The totalitarian union
David Fisher reports:
A drawn-out internal fight at the union for Corrections’ officers has seen the organisation lose repeatedly in the Employment Court after trying and failing to push two members off its executive.
One of those members is the union’s vice-president Glen Jenner who was elected to the role in June on a platform for change.
But his electioneering call for “overdue and positive change” was among reasons given during an attempt to drop him as vice-president of the Corrections Association of New Zealand (CANZ).
How dare he suggest the union change for the better. No wonder he had to be thwarted.
Voted in by union members at their prisons, Jenner (26 years working in prisons) and Al-Bustanji (seven years working in prisons) were members of a national executive made up of delegates from other prisons across the country.

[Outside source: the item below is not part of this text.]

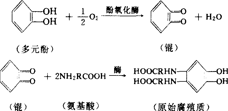 ❷腐殖质组成物质经缩合而形成新的高分子化合物——原始腐殖质。其式为:

Four of those people are then selected for office-holder slots – president, vice-president, secretary and treasurer.
Back in early 2024, Jenner and Al-Bustanji had been raising their concerns about the direction of CANZ, its spending and governance.
It led to complaints about the pair, resulting in the scheduling of a two-day disciplinary process to hear claims against them.
So they raised concerns over spending and governance, and the response was to discipline them for doing so. And this is from a union that would have a fit if an employer acted as they do.
Beck’s judgment stopped CANZ from dropping Jenner from his role, saying its argument that it could do so because he was involved in suing the union was “unsustainable”. She also warned the approach risked allowing union leadership to oust “legitimate opponents, despite fair and free elections”.
So CANZ thinks people should be able to be sacked if they take legal action to defend their rights. Where is the CTU decrying this?